For $$f(z)= z^3+\frac{1}{(z-1)^2}$$ how many times does $f(z)$ wind around the origin, as $z$ moves along the circle $|z|=2$ counterclockwise?
I see that the answer should be $$ \frac{1}{2\pi i} \int_{|z|=2} \frac{f'(z)}{f(z)}dz = \frac{1}{2\pi i} \int_{|z|=2} \frac{3z^2(z-1)^3-2}{z^3(z-1)^3+(z-1)}dz $$ but I'm not sure how to evaluate the integral since I could not find where exactly the poles of the function integrated are.
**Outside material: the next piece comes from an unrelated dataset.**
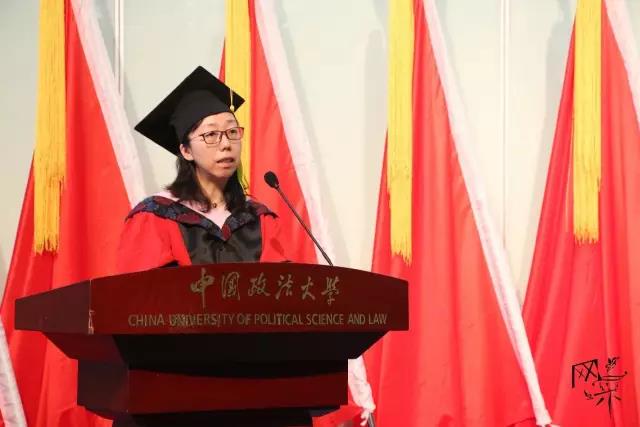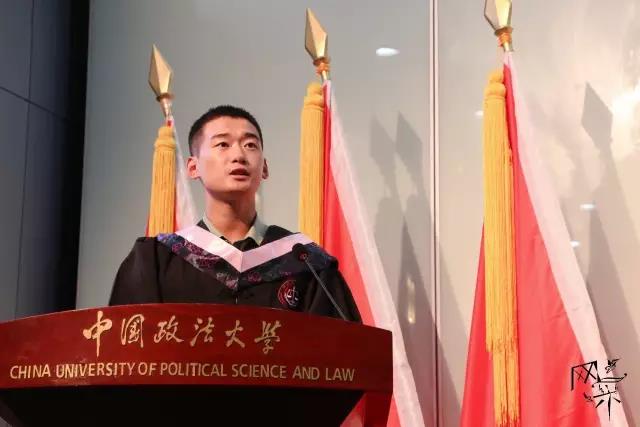 随着王敬川宣布典礼开始,全场起立,奏唱国歌。在高昂肃穆的国歌奏唱结束之后,毕业生代表杨博同学发言。杨博同学回忆了这四年法大的改变与在法大生活的点滴,并且表达了他对大学四年生活的眷恋。在发言的最后,杨博师兄说:“人生当有所为,有所不为,当为之时朝气蓬勃,不为之时心如止水,尚法治,明法理,博学之,慎行之。”这一番充满激情的话语引起了毕业生们的共鸣。

Here is what I thought:
(a) Since $f(z)$ has a pole of order 2 at $z=1$, $\dfrac{f'(z)}{f(z)}$ has a simple pole at 1 with residue $-2$.
(b) It can be shown that $f(z)$ has 3 zeros of order one inside the disk $|z|<2$, so at each of the zeros, $\dfrac{f'(z)}{f(z)}$ has a simple pole with residue 1.
Does this mean that the integral evaluated is $-2+3=1$? Any help or hint is appreciated!
Thanks to the comments above, the problem can be solved easily using the Argument Principle, i.e., the solution is the number of zeros of $$f(z)=\frac{z^3(z-1)^2+1}{(z-1)^2}$$ minus number of poles of $f(z)$ inside the disk $|z|<2$, which is clearly $5-2=3$.
Alternatively, observe that $f(z)$ has no zero or poles outside the disk $|z|<2$, so we can choose a large enough disk $|z|<R$ to compute the winding number. More specifically, when $R$ is large enough such that $ \dfrac{f'(z)}{f(z)} \sim \dfrac{3}{z}$, one easily observes that the winding number is 3.